§ **Exercise details**
Your answer must match, word for word, the lines from the one holding "Handmade Small Pastel" through the final line below, with pictures excluded.
=== Raw data ===
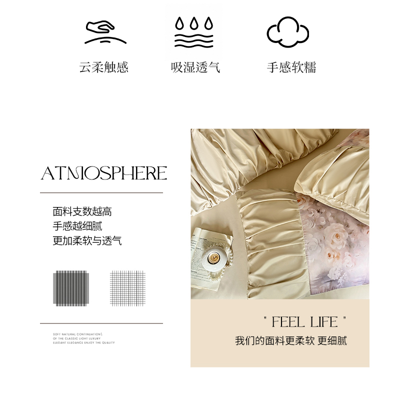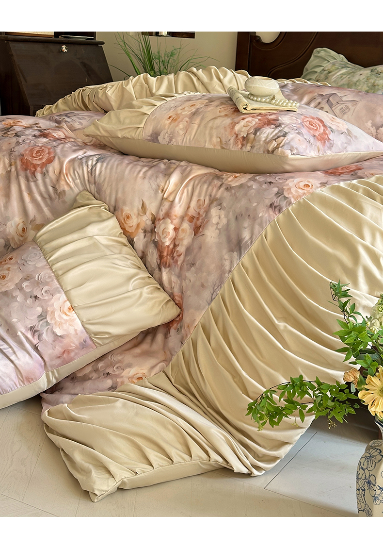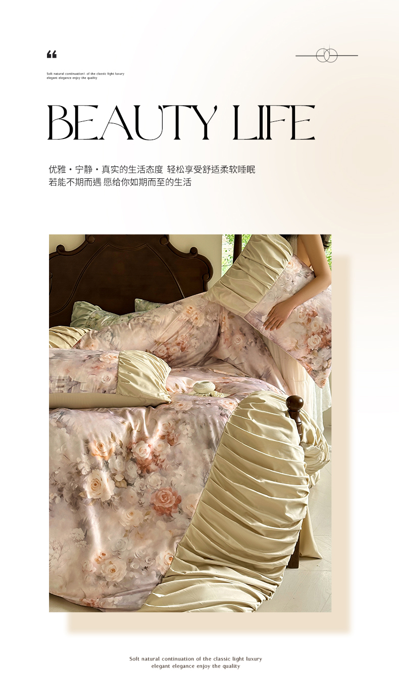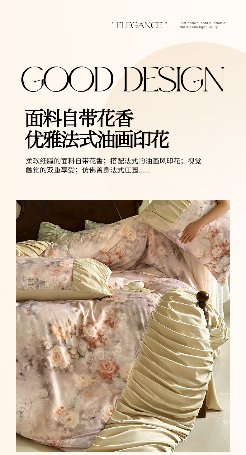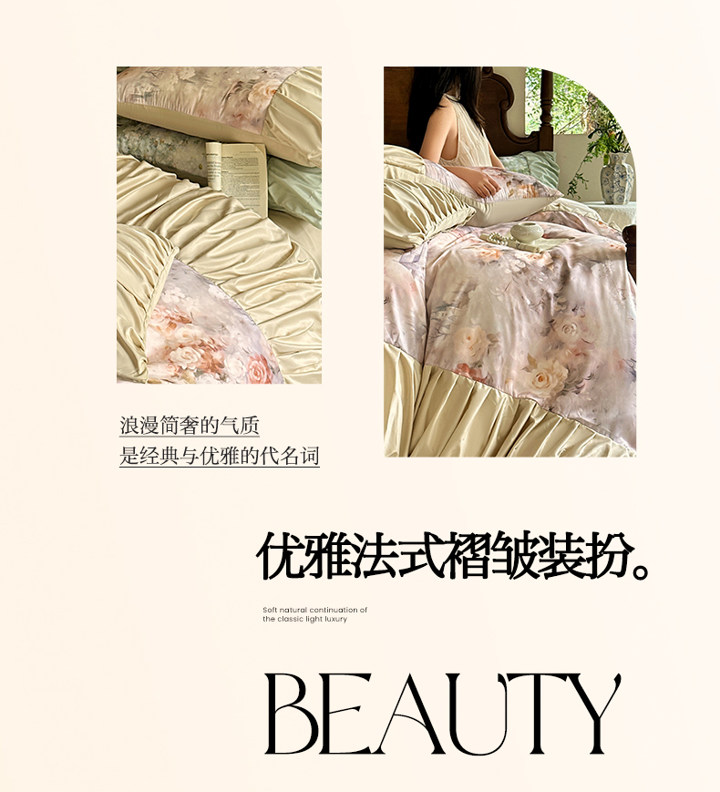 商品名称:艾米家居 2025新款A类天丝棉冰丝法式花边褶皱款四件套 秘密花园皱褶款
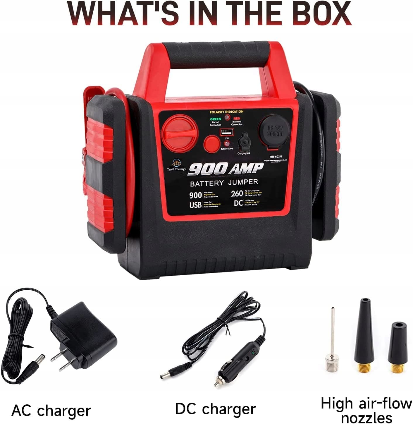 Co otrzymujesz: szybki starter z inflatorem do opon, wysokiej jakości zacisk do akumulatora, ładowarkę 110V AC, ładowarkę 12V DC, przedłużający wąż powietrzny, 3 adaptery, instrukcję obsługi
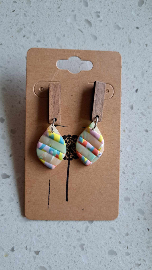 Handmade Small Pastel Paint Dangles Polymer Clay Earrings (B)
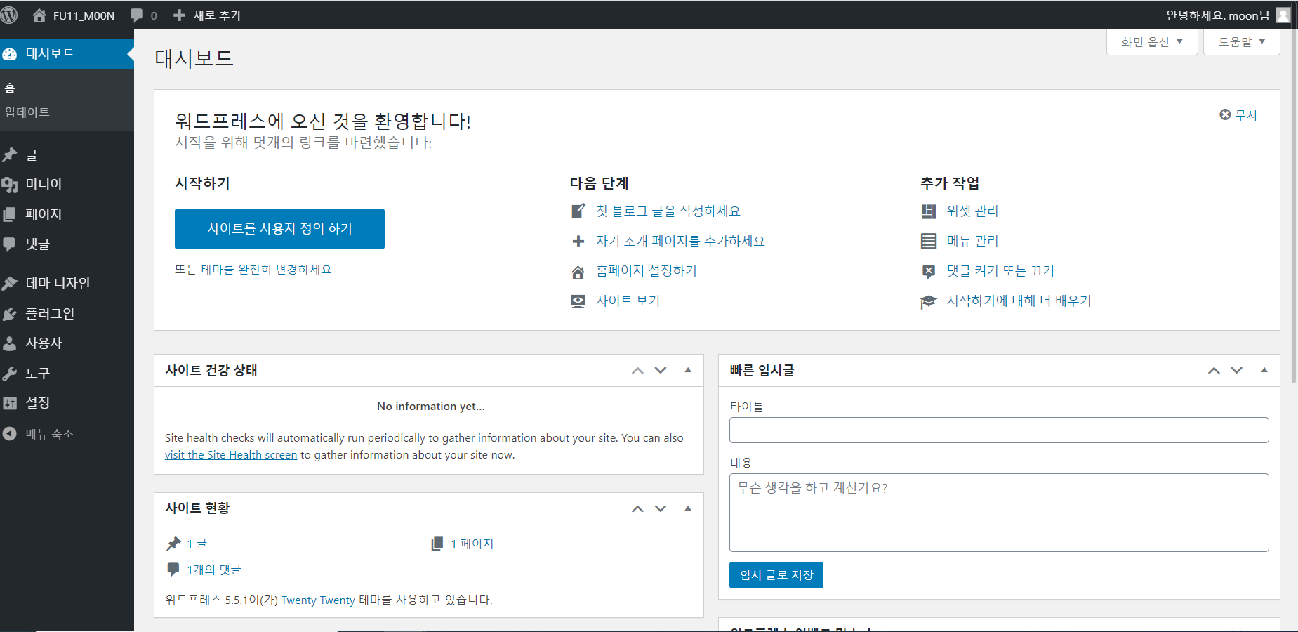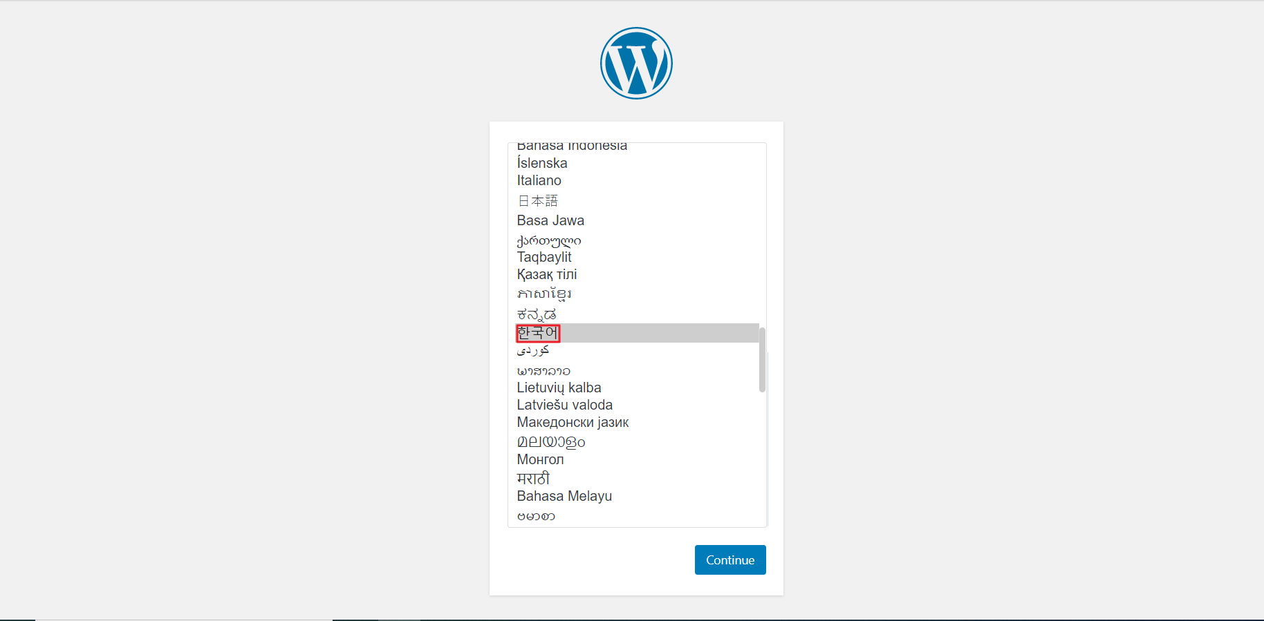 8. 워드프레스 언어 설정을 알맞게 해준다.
===
§ **Response**
 Handmade Small Pastel Paint Dangles Polymer Clay Earrings (B)
 8. 워드프레스 언어 설정을 알맞게 해준다.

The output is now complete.